Thursday, June 14, 2012

Editing a novel

In the early days of this blog, I wrote a lot about the process of writing fiction. How do you write a novel? How do you create a character? How do you write dialogue? What makes a scene work? If you click on the tag "writing process" below, you'll see those posts. The truth is that I've been learning how to write a novel as I wrote one. I find the same is true of editing.

At first, I edited the entire book from start to finish. This is a necessary process and it helps you to become familiar with the scope of your book. You get to see it in one fell swoop, in other words. But while this is definitely helpful, I found that no matter how many times I went through the book, I was still changing things. This gets to you after the 40th pass through the book. It really does.

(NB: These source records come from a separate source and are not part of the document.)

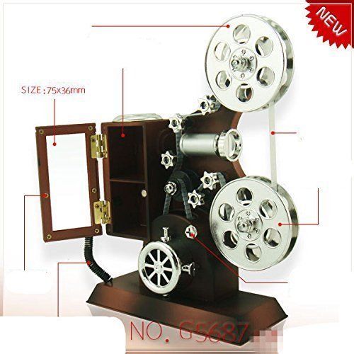 Valentines Day Gift,Mechanical Classical Movie Projector Music Box With Jewelry Box and Mirror · 100% Brand new come with nice gift box · made with high quality clockwork music box · Mechanical music box, with little jewelry box & mirror · this classical projector music box can be really good decor in your house · Material: Poly-resin, Dimension: 16.8 x 20.8 x 7.5 cm
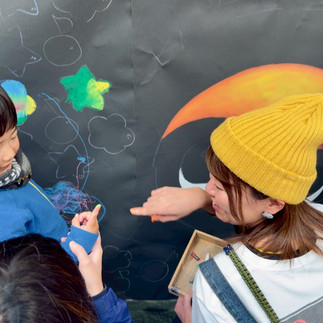 メインアーティストを務めたつるりさんが、ご自身の制作を進めながらも、子どもたち一人ひとりに寄り添い、楽しく描き方のポイントを伝えていました。会場には自然と笑顔が広がり、初めてチョークに触れる子どもたちも安心して制作に参加する様子が印象的でした。
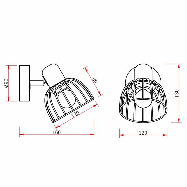 Для спота необходима 1 лампа накаливания 40 W и цоколем E27. Габариты изделия: высота – 130 мм, диаметр – мм.
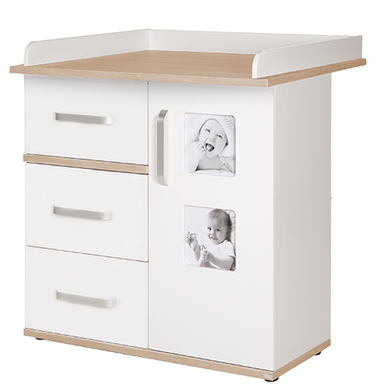 Dekorelemente in Sanremo Eiche sind die Besonderheiten der Möbel aus der roba Kinderzimmerserie Pia. Bei diesem Kinderzimmer wird das besondere Dekor mit technischem Know-how verbunden. Softclose für Türen und Schubladen dürfen hier nicht fehlen. Ein Besonderer Hingucker sind die integrierten Bilderrahmen – bestückt mit persönlichen Fotos wird jedes Möbelstück zu einem Unikat. Die Wickelkommode Pia ist außerdem mit einem Wickelaufsatz ausgestattet. Mit dem roba Seitenregal Pia kann die leere Fläche unter dem Wickelaufsatz optimal ausgenutzt werden. Produktdetails: Farbe: Sanremo Eiche, weiß Material Korpus + Einlegböden + Wickelaufsatz: Spanplatte, melaminbeschichtet Material Rückwand: HDF Maße ohne Wickelaufsatz: Breite x Tiefe x Höhe 94cm x 41cm x 102cm Maße mit Wickelaufsatz: Breite x Tiefe x Höhe 94cm x 78cm x 102cm Wickelfläche: Breite x Tiefe 85cm x 75cm Wickelhöhe: 94cm 3 Sicherheitsränder 3 Schubkästen mit Soft-Close-Funktion 1 Tür mit Soft-Close-Funktion Umbaubar zur Kommode Besonderheit: 2 Bilderrahmen eingearbeitet
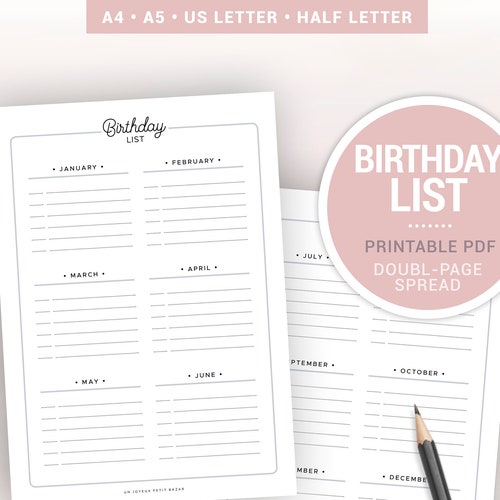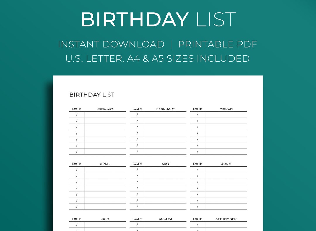 Birthday Tracker Printable Birthday Reminder Birthday List Etsy
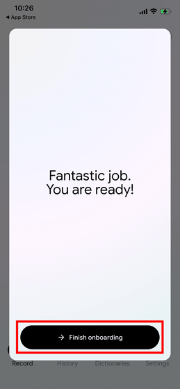これでチュートリアルは完了です。「Finish onboarding」をタップします。
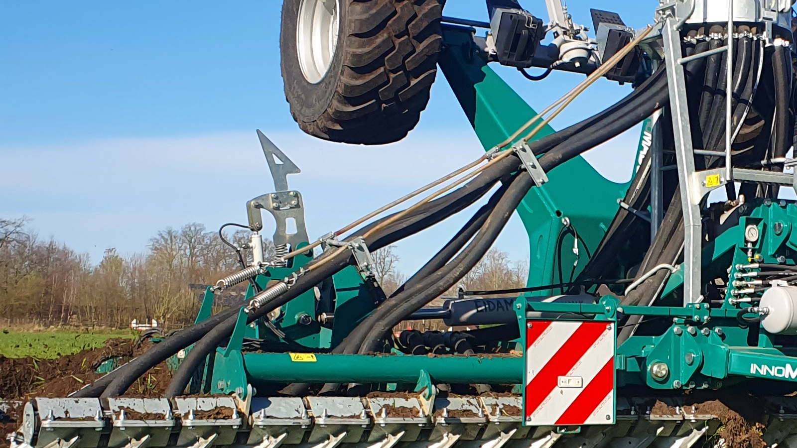 Ein speziell entwickeltes Seilsystem hebt die Verschlauchung beim Ausklappen automatisch vom Rahmen ab und bringt sie in eine sickenfreie, gespannte Position. Dadurch wird ein gleichmäßiger und störungsfreier Gülledurchfluss gewährleistet. Gleichzeitig verhindert die Konstruktion, dass sich aufgeworfener Boden an den Schläuchen festsetzen kann.
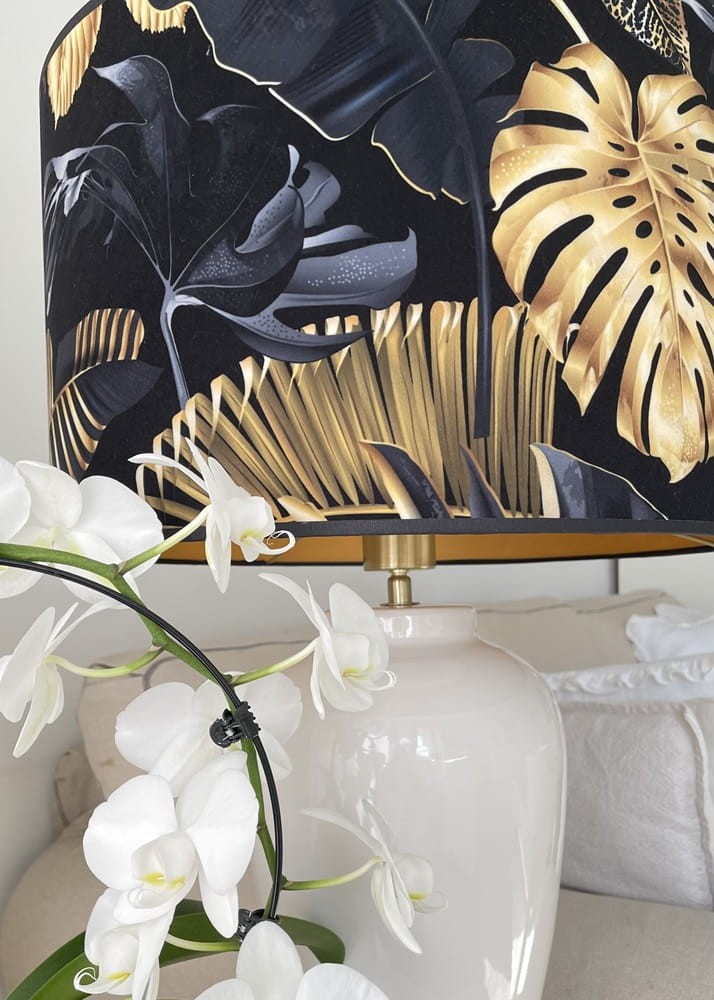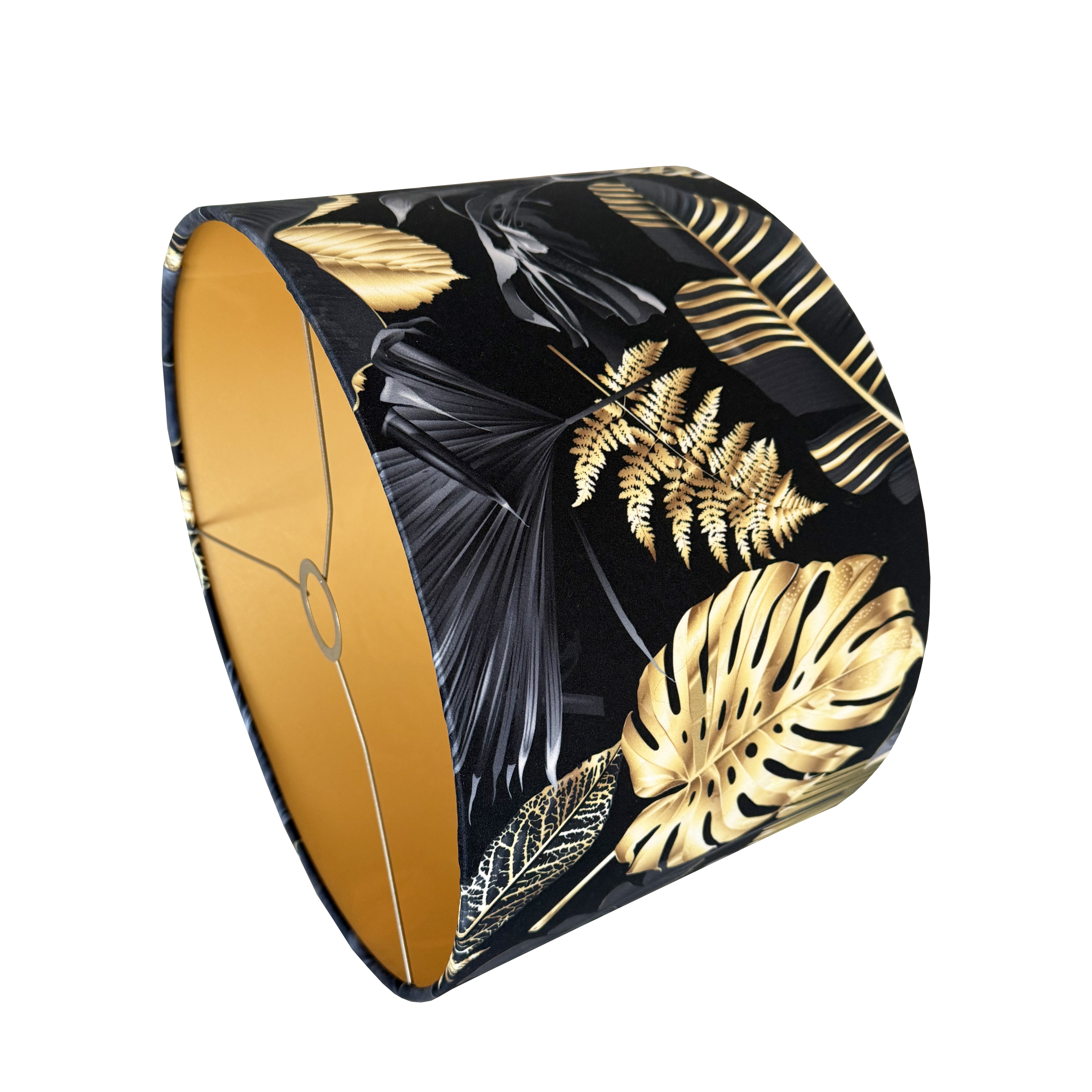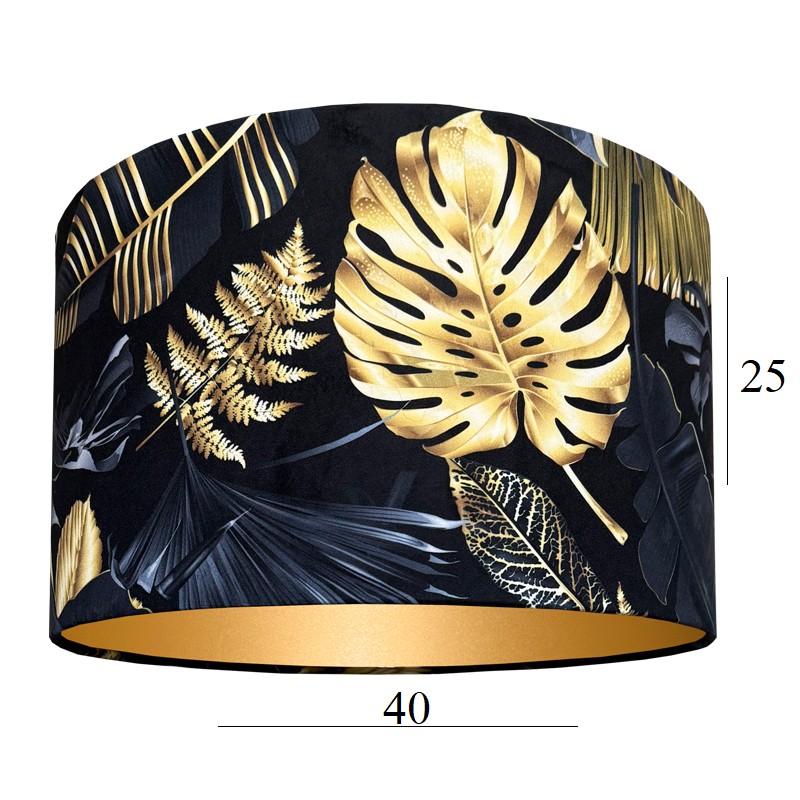 Abażur walec do lampy czarno-złoty welur 14W E27 MONSTERA 40 wys 25
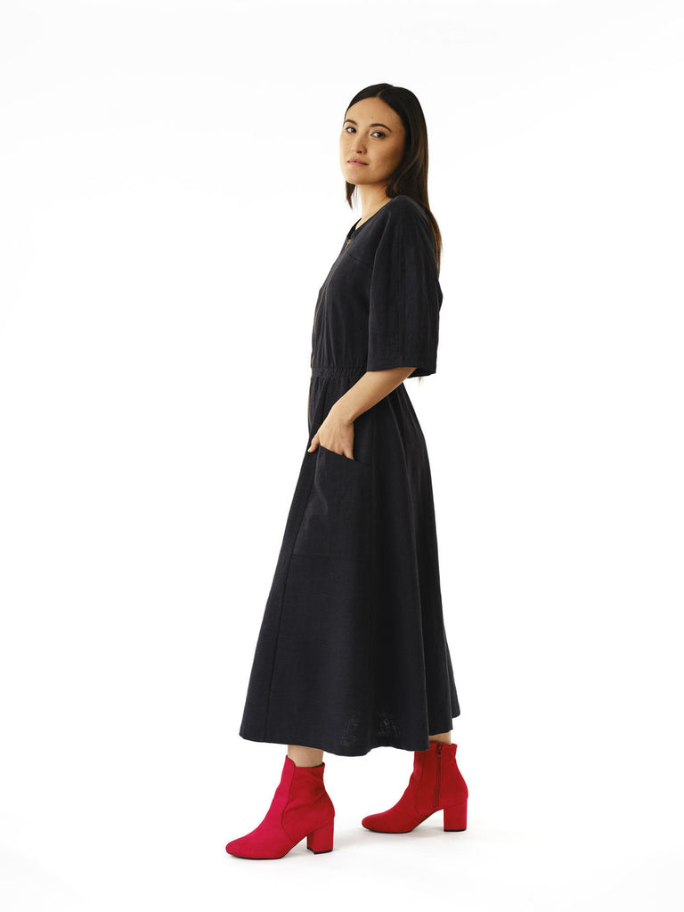 The Omega Dress combines comfort and style effortlessly. Featuring an elasticized waist and a 22” front brass zipper, it offers easy wearability and a tailored fit. Its ¾ length batwing sleeves with geometric detailing enhance the sophisticated silhouette. Crafted from ultra-soft ramie fabric, it falls elegantly below the knee. Deep patch pockets provide practical storage, making this dress a versatile and refined addition to your wardrobe.

Right now, I'm completing the final stage of editing my horror novel, Xmas Carol. (Yes, I'm still editing the book; what can I say? It needs it.) I'm doing the editing differently now. What I do is edit a chapter -- and immediately edit it again, and then again, and again. I do this until I'm completely satisfied with the chapter. Then I mark that chapter done and move on to the next. This seems to be working in a way that whole-book editing never did. I'm now happy with the first nine chapters of the book. It's only got 12 chapters, so I'm almost there.

I'm not sure how other fiction writers handle the editing process but this seems to be the way I do it. I'd love to hear from other writers. How did you edit your book?

As for regular readers who are dying to get their hands on Xmas Carol, I promise the book will be out by July. I swear. I'm almost there. Woot!